The next frontier, in Satija’s view, is to move beyond observation and leverage these technologies “to understand not just what cells are doing, but why they are doing it.” This is a new direction his lab is taking. One technique from this new direction is the team’s Phospho-seq, to simultaneously profile proteins, quantify intracellular protein dynamics, use scATAC-seq in whole cells, and then integrate these data with scRNA-seq datasets using the bridge integration method.

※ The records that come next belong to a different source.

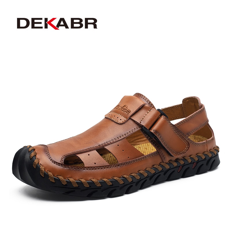 DEKABR Men's Shoes Men Soft Sandals Summer High Quality Leather Casual Beach Shoes Outdoor Fashion Sandals Plus Size 38~48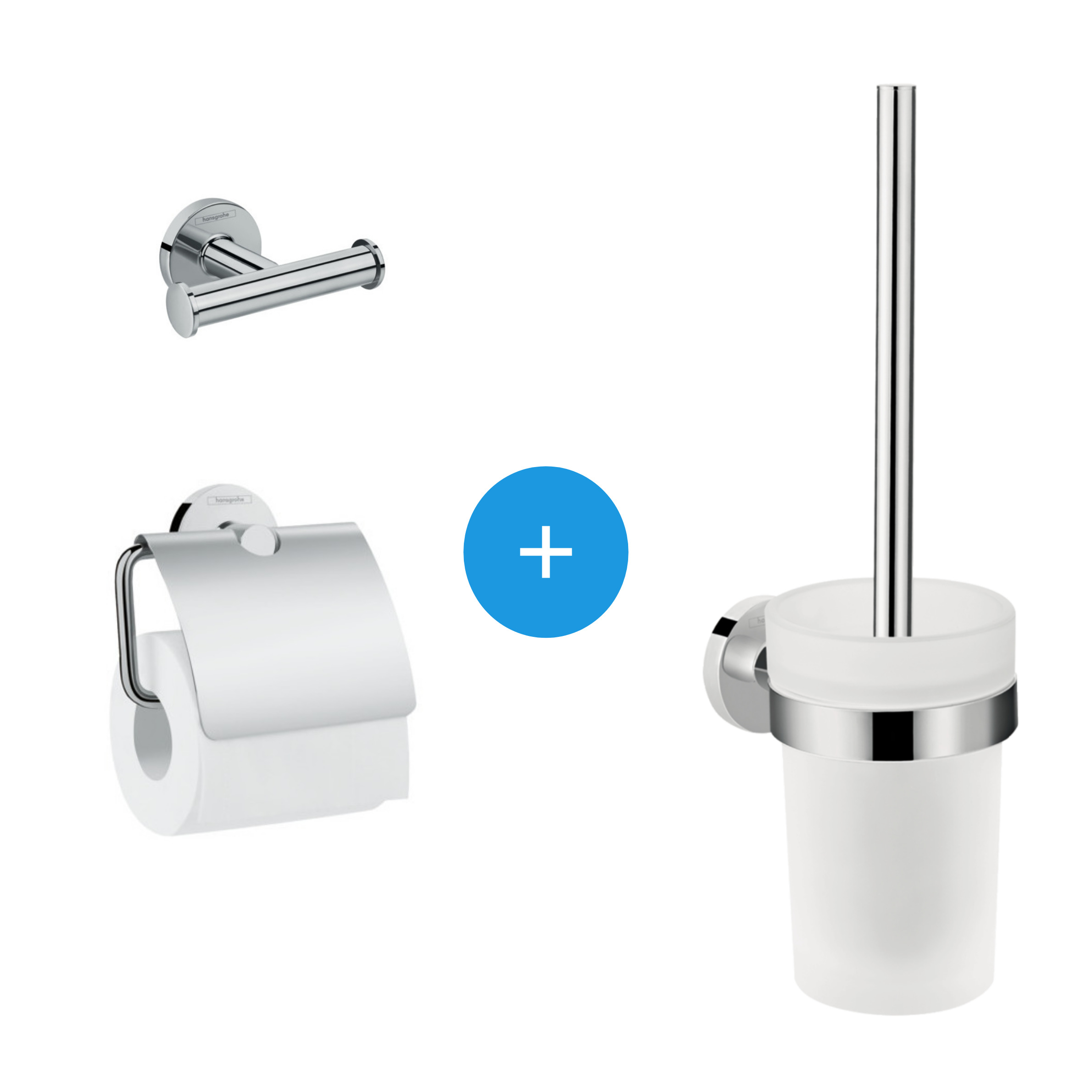 Hansgrohe Logis Universal Pack Brosse WC + Patère salle de bains + Porte-papier toilette, Chrome (41722000-TRIOLOGIS)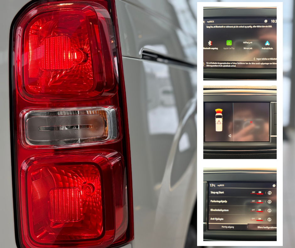 LED kørelys. Tågelygter, parkeringssensor for og bag, fjernbetjent centrallås, el-ruder, el-sidespejle med varme, sædevarme, højdejusterbart førersæde, multifunktionslæderrat, 2 zoners klimaanlæg, fartpilot, kørecomputer, Android Auto, Bluetooth, håndfri telefonering, regnsensor, udvendig temperaturmåler samt anhængertræk med tilladt påhæng med bremser op til 2.500 kg.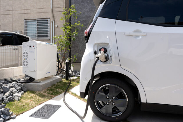 電気自動車(EV)やプラグインハイブリッド車(PHEV)の駆動用バッテリーに蓄えた電力を、家庭で使えるようにする双方向の電力供給システムです。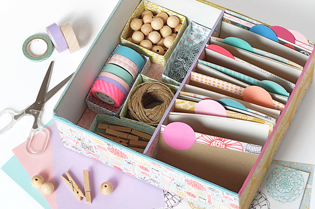 "Sono sempre alla ricerca di soluzioni per organizzare il mio angolo craft, così ho deciso di trasformala in un divertente e utile contenitore! Bastano tante carte colorate, forbici, colla e un pizzico di fantasia!"
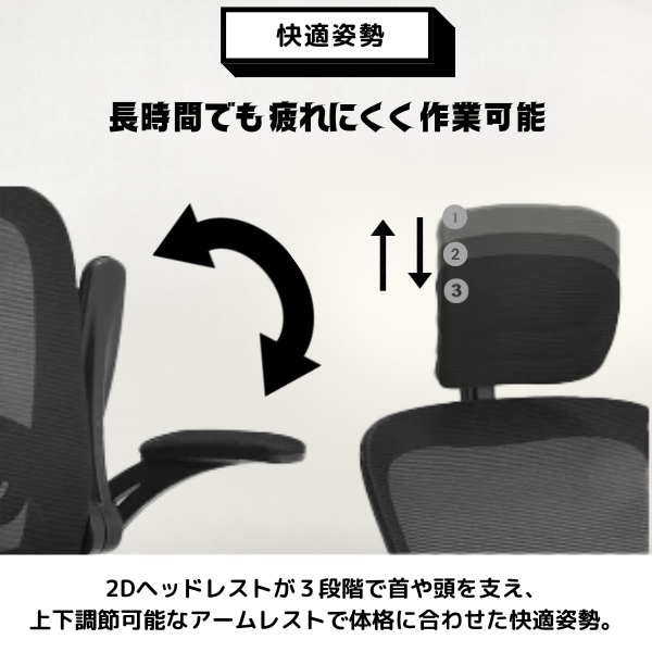 ヘッドレストは3段階、アームレストは上下調節ができるため、より快適な姿勢で作業を続けられます。
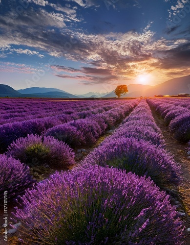 Fototapeta premium Stunning landscape with lavender field at sunset, Stunning lavender field landscape Summer sunset

One can track cell signaling during development and reconstruct gene-regulatory relationships this way. The lab has also begun large-scale experiments12 to identify the regulators and targets of diverse cellular responses. This work involves pooled genetic screens, single-cell sequencing such as use of Perturb-seq combined with combinatorial indexing, and high-throughput sequencing to find targets of signaling regulators in different biological contexts. More than 1,500 individual perturbations are performed across six cell lines and five different biological signaling contexts.

With CaRPool-seq, the lab has combined use of CRISPR and single-cell genomics technologies to massively parallelize the measurement of cellular responses under high-throughput genetic perturbations, and those perturbations can involve either single genes or multiple genes.

Scale will keep rising and cost is likely to keep dropping. It helps that scRNA-seq can be performed with much less material than used to be needed and on a wider range of tissues, says Trapnell. One can do things, he says, that were “off limits before.”

What trips people up the most in scRNA-seq work, says Trapnell, is study design. It has been too expensive for scientists to do the study they want, so they do a different experiment. “I think that what’s really going to change in the next couple years is that now people will be able to do the study they want,” he says. “And that’s going to be really enabling for a lot of labs.”